§ Data
'''
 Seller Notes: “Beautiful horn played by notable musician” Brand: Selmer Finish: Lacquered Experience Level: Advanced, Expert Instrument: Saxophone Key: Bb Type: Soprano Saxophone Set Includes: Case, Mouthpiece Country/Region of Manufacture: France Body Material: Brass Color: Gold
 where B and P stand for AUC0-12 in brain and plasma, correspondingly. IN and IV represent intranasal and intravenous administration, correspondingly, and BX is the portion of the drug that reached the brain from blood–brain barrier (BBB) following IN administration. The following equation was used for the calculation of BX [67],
'''
'''
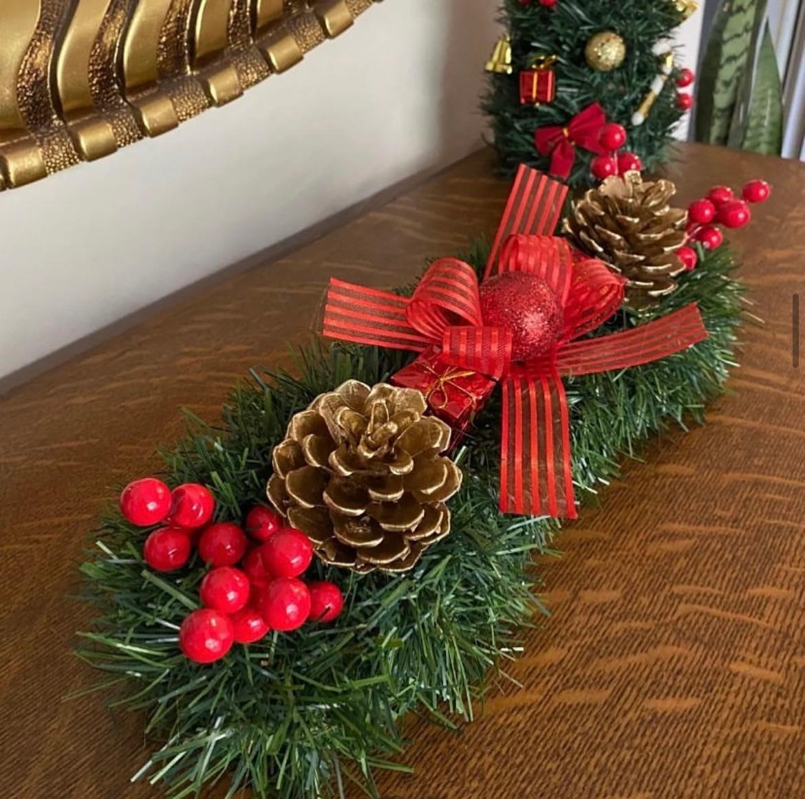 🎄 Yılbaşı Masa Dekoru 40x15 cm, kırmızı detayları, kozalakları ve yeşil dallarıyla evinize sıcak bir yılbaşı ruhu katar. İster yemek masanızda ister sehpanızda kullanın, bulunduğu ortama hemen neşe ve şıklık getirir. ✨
'''
§ Task brief
Both end lines included, restate word for word the lines above from the line with "Brass Color: Gold" to the line with "where B and", and nothing else.

§ Task output
 Seller Notes: “Beautiful horn played by notable musician” Brand: Selmer Finish: Lacquered Experience Level: Advanced, Expert Instrument: Saxophone Key: Bb Type: Soprano Saxophone Set Includes: Case, Mouthpiece Country/Region of Manufacture: France Body Material: Brass Color: Gold
 where B and P stand for AUC0-12 in brain and plasma, correspondingly. IN and IV represent intranasal and intravenous administration, correspondingly, and BX is the portion of the drug that reached the brain from blood–brain barrier (BBB) following IN administration. The following equation was used for the calculation of BX [67],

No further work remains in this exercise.